- Opening Delimiter -

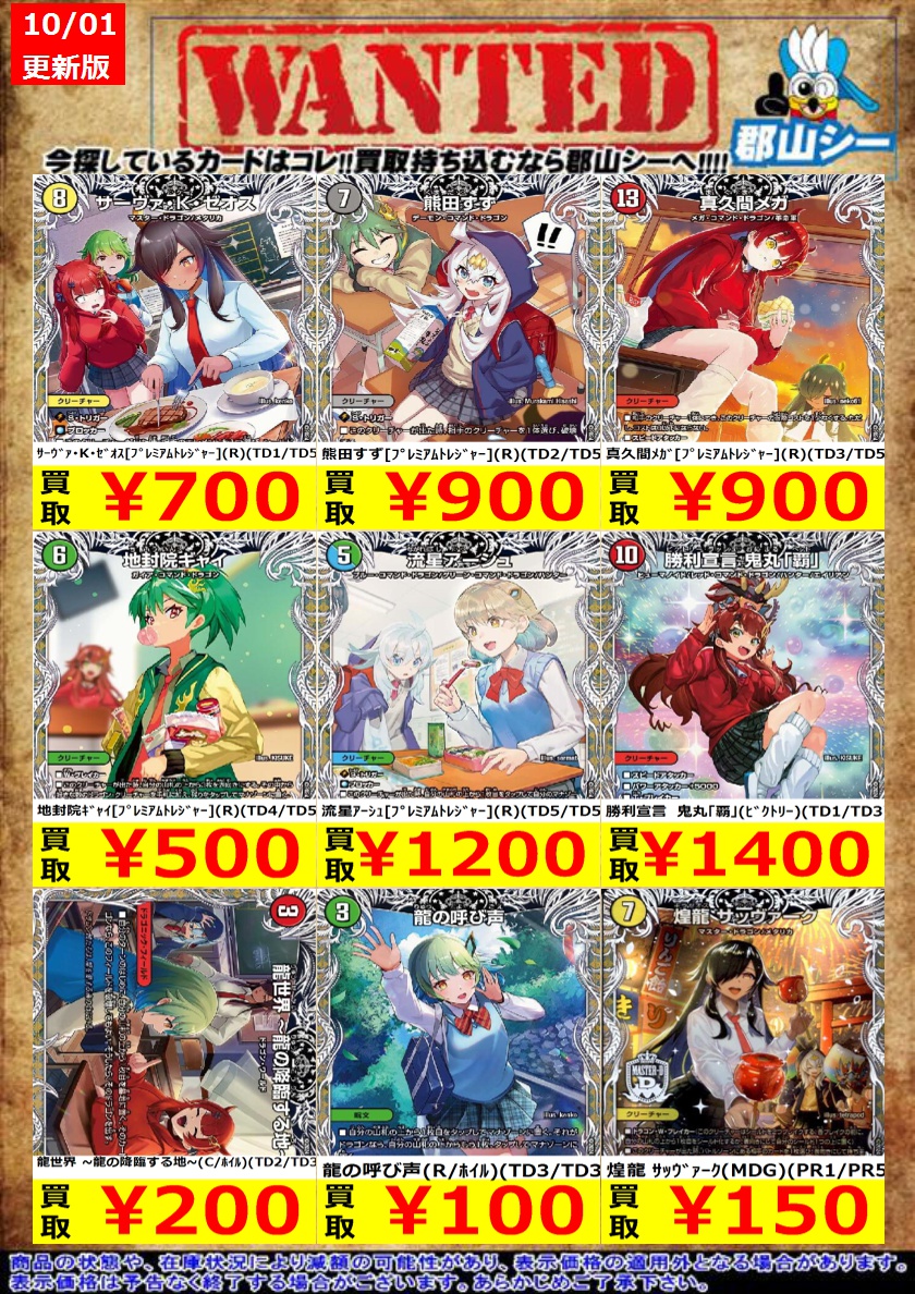 シーガル郡山店デュエマお買取り情報!! ※商品の状態や在庫状況により減額の可能性があり、表示価格の適用外となる場合がございます。 流星のガイアッシュ・カイザー(SR)(PR4/PR5) ¥1,800 地封龍 ギャイア(SR)(PR3/PR5) ¥2,000 切札勝太&カツキング -熱血の物語-(DSR)(TD1/TD16) ¥2,200
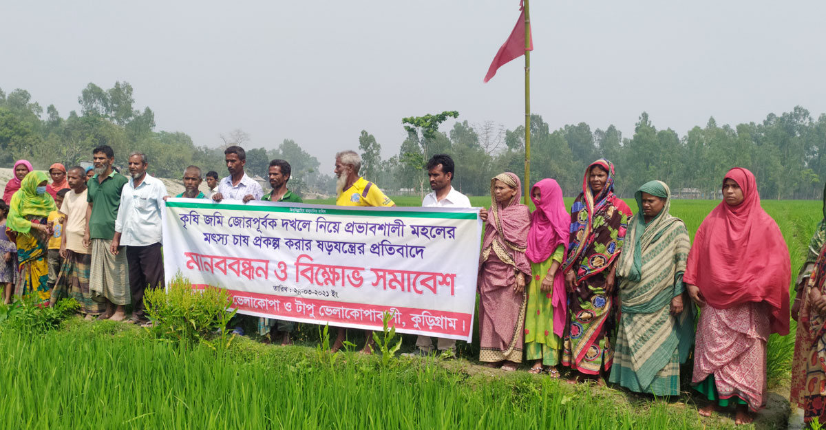 কুড়িগ্রাম সদরের ভেলাকোপা ও টাপু এলাকায় কৃষি জমিতে জোর করে মাছের প্রজেক্ট করার প্রতিবাদে মানববন্ধন করেছেন দুই গ্রামের মানুষ। বুধবার (২৪ মার্চ) দুপুরে লাল নিশান উড়ানো জমিতে তারা মানববন্ধন করেন। পরে সড়কে গিয়ে বিক্ষোভও করেন এলাকাবাসী।
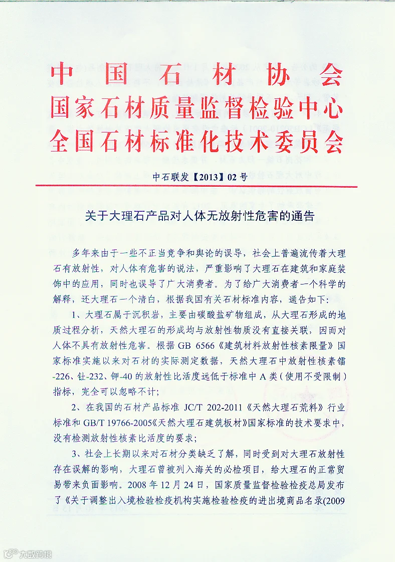 中国石材协会在北京举行“《中国天然大理石白皮书(2013)》新闻发布会”,并向社会宣告称,天然大理石对人体健康无任何危害,可以安全使用。
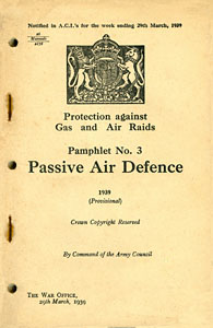 COMMAND OF THE ARMY COUNCIL, Protection against Gas and Air Raids. Pamphlet No.3: Passive Air Defence, London, The War Office, 1939, spill., pp 125, f.to 12x18. (ENG)

- Closing Delimiter -

REQUIRED ACTION: Starting at the line that contains "কুড়িগ্রাম সদরের ভেলাকোপা", write out exactly each line through the last one in the listing above, leaving out the pictures and adding nothing else.

TASK SOLUTION:
 কুড়িগ্রাম সদরের ভেলাকোপা ও টাপু এলাকায় কৃষি জমিতে জোর করে মাছের প্রজেক্ট করার প্রতিবাদে মানববন্ধন করেছেন দুই গ্রামের মানুষ। বুধবার (২৪ মার্চ) দুপুরে লাল নিশান উড়ানো জমিতে তারা মানববন্ধন করেন। পরে সড়কে গিয়ে বিক্ষোভও করেন এলাকাবাসী।
 中国石材协会在北京举行“《中国天然大理石白皮书(2013)》新闻发布会”,并向社会宣告称,天然大理石对人体健康无任何危害,可以安全使用。
 COMMAND OF THE ARMY COUNCIL, Protection against Gas and Air Raids. Pamphlet No.3: Passive Air Defence, London, The War Office, 1939, spill., pp 125, f.to 12x18. (ENG)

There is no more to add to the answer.